P – POLITICAL: the pursuit of new methodologies for the automatic detection of deepfakes in all types of multimedia content, as proposed by the US research group, must be supported by a solid regulatory framework. Specifically, in Europe, it is noteworthy that in February 2024, the EU Commission backed the drafting of a new white paper on the challenges posed by generative AI, along with the ethical issues related to its use for non-virtuous purposes.
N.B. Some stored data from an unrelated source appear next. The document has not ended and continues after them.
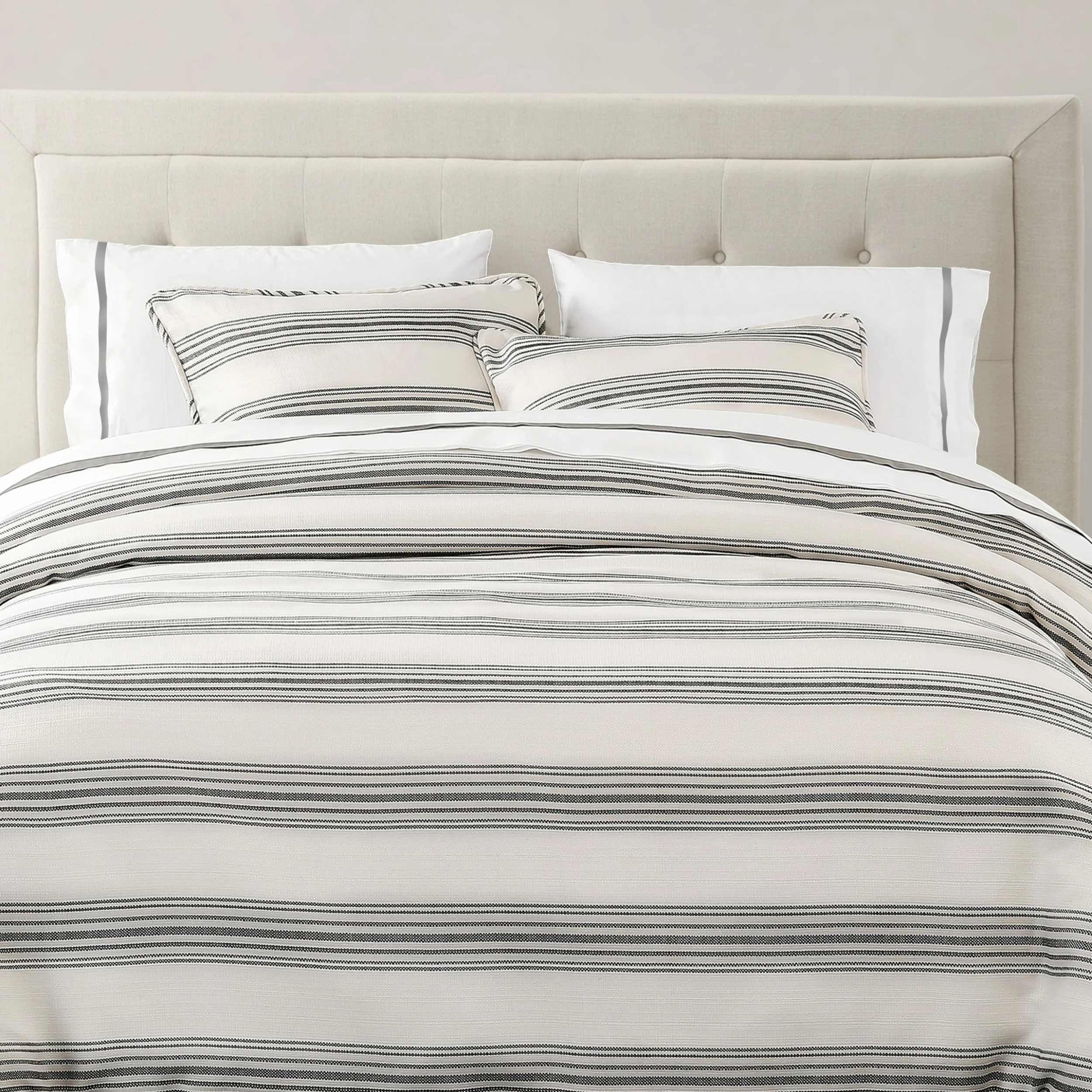 Create an inviting homestead with Blackberry, a comforter set with variegated black stripes against an ivory background, in a nod to traditional ticking fabric. For a farmhouse-chic look, pair it with white sheets and black and white accents. Give it a modern twist with a blanket and pillows in a bold hue. This three-piece set includes a lofty comforter and two tailored pillow shams with striped piping.
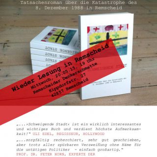 Vor eineinhalb Jahren hatte ich in diesem Blog Veronika Wolfs Buch „Schweigende Stadt“ vorgestellt. Es beschreibt den Absturz eines amerikanischen Kampfbombers auf ein Wohnviertel mitten in Remscheid vor 25 Jahren und die Folgen, und zwar aus der Sicht einer direkt betroffenen, sehr engagierten und mutigen Frau. Jetzt ist Veronika Wolf auf Lesereise, die nächste Lesung ist am 20.05.15 in der Remscheider Denkerschmette.
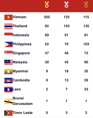 Kết thúc ngày thi đấu cuối cùng, Đoàn Thể thao Việt Nam giành thêm 24 HCV, qua đó giành ngôi nhất toàn đoàn với 205 HCV, 121 HCB và 115 HCĐ, xếp thứ hai là Thái Lan (90 HCV, 103 HCB, 135 HCĐ), Indonesia xếp thứ ba với 69 HCV, 81 HCB, 91 HCĐ.
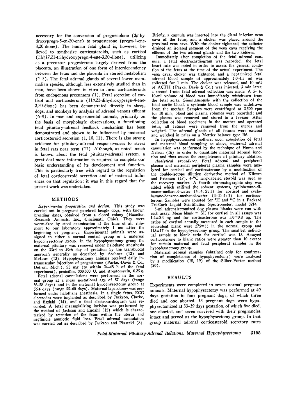 Even though certain aspects of the fetal pituitary-adrenal system have been extensively studied, much remains to be learned of its basic development and function. In the present work, the effect of maternal hypophysectomy upon quantitative pituitary-adrenal relations in mother and fetus was investigated in pregnant beagle dogs. At 57 days gestation in each of seven normal animals and seven animals 3 wk posthypophysectomy, a cannula for collection of adrenal effluent was placed in a single fetus in utero under halothane anesthesia. A timed fetal adrenal sample was obtained; ACTH (10 mU) was injected into the fetus; 3 min thereafter a second fetal adrenal sample was collected and fetal and maternal peripheral arterial samples were drawn. All fetuses and their adrenal glands were weighed. Concentrations of cortisol and corticosterone were determined by a modification of the double-isotope dilution derivative method of Kliman and Peterson.
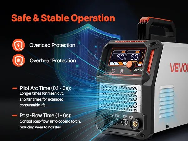Digital Display: The 3-phase plasma cutting machine features a large digital display with a clear and intuitive interface, allowing for quick adjustments and real-time monitoring. Built in overheat and overload protection for safer operation and longer lifespan
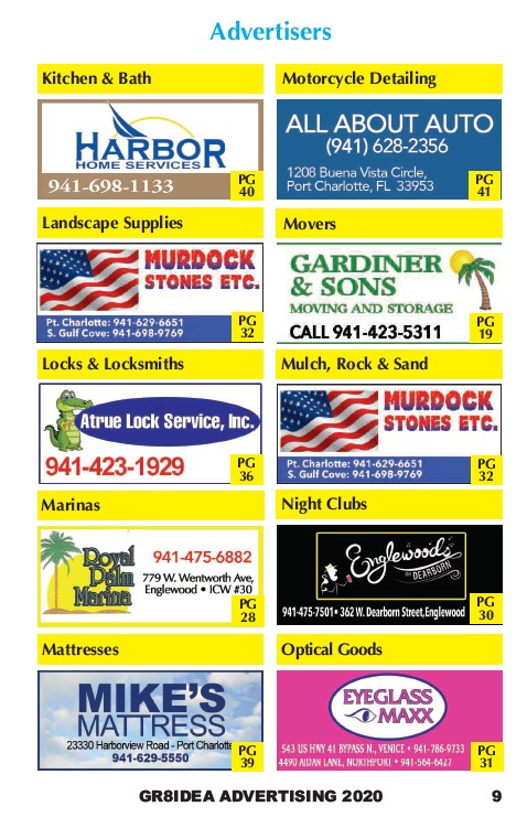 Advertisers Kitchen & Bath PG 40 GR8IDEA ADVERTISING 2020 9 Mattresses PG 39 Landscape Supplies PG 32 Marinas Movers PG 28 PG 19 PG 36 Locks & Locksmiths Motorcycle Detailing PG 41 Night Clubs PG 30 Mulch, Rock & Sand PG 32 Optical Goods PG 31
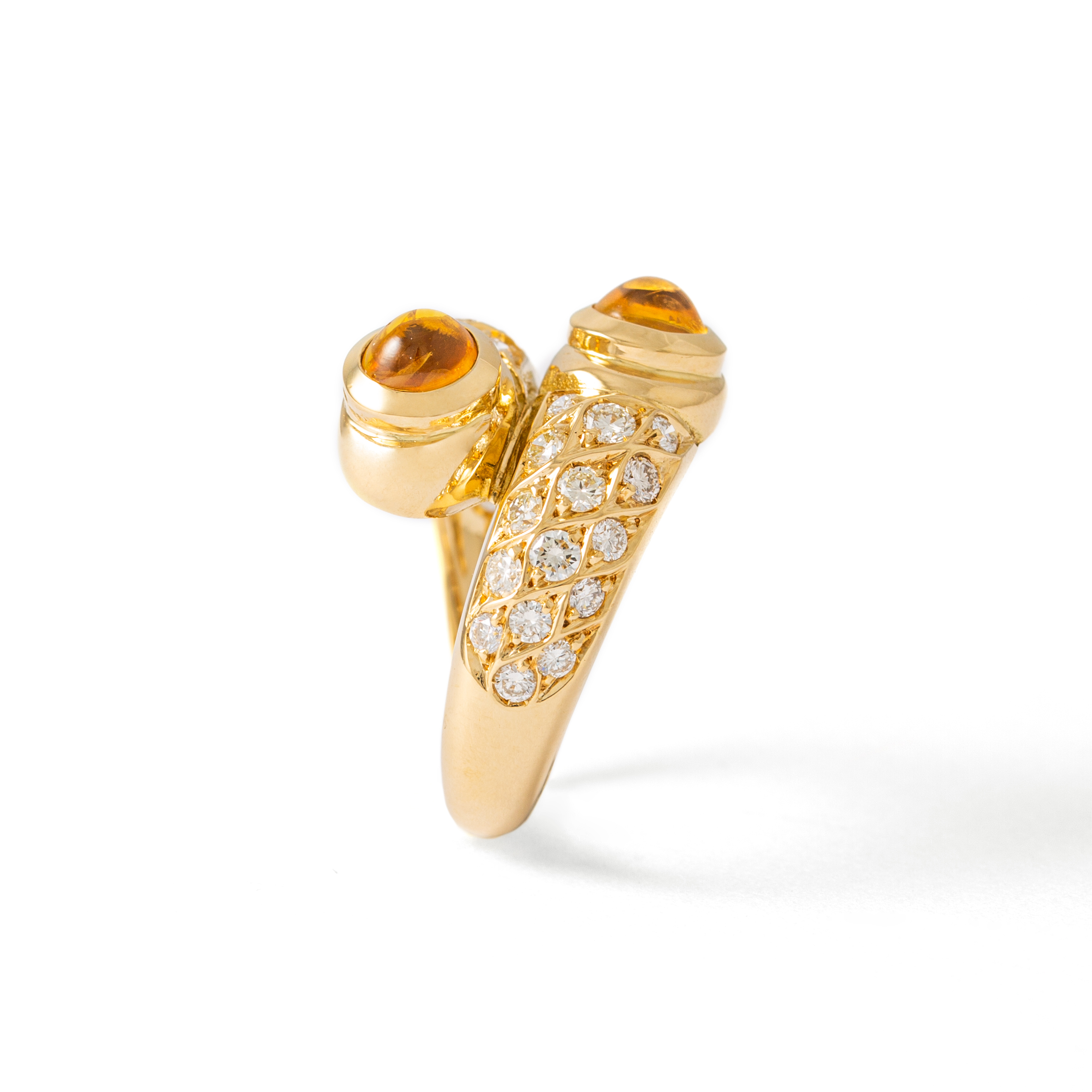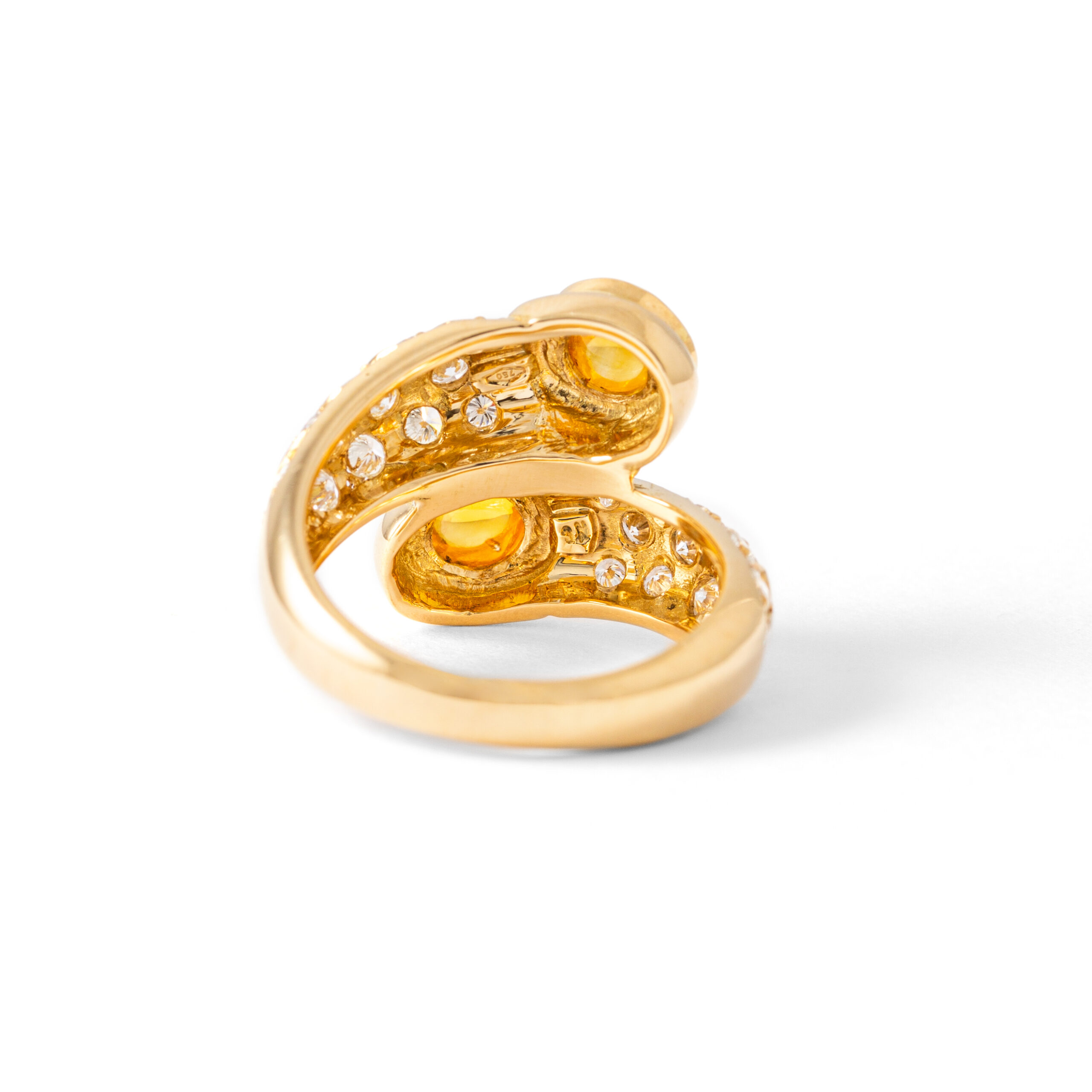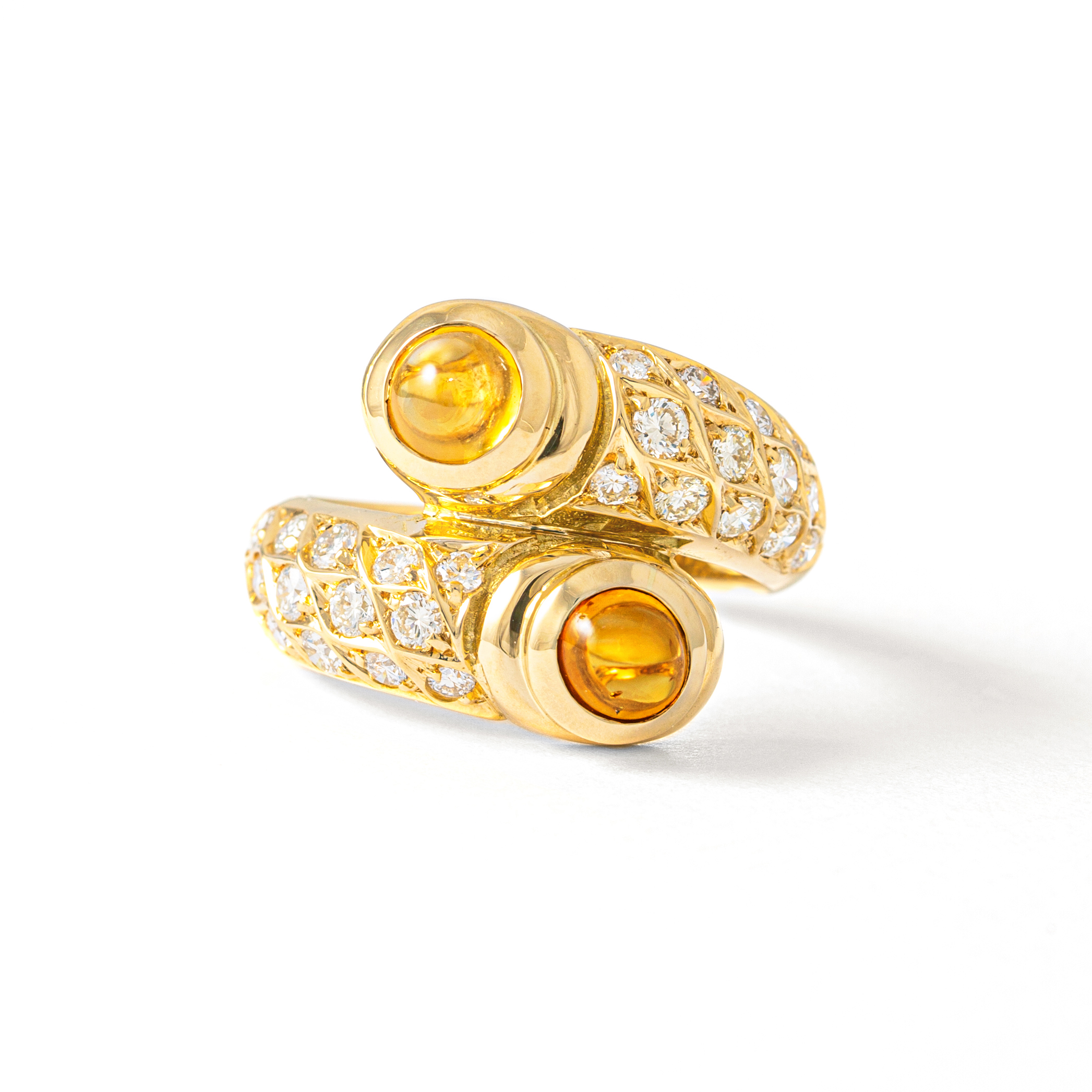 Ring in 18kt yellow gold set with 2 yellow cabochon cut sapphires 1.71 cts and 30 diamonds 0.68 cts

On 21 May 2024, the AI Act was definitively approved (expected to be published in the Official Journal by July 2024), which categorises AI systems capable of manipulating people through subliminal or deceptive techniques as “unacceptably high risk.” The new white paper on generative artificial intelligence also highlights the «visible power imbalance between content creators, academics, and citizens on one side and major tech companies (such as OpenAI, Microsoft, Google, and Meta) that develop and sell generative AI models on the other».
S – SUSTAINABILITY: whenever Large Language Models are discussed, the negative impacts of their application on environmental sustainability come to mind. Whether referring to the decoding of human language, both written and spoken, or to the generation of texts, written and spoken, or, as in the case of ChatGPT-4 Vision, the multimodal understanding and decoding of input images, the processes enabling these functionalities require millions of hours of training and processing, which correspond to high CO2 emissions. This issue, of course, is not exclusive to large language models but pertains more generally to all artificial intelligence techniques and the digital world, whose carbon footprint is the flip side of the coin, about which we still know little in terms of detailed and transparent reporting.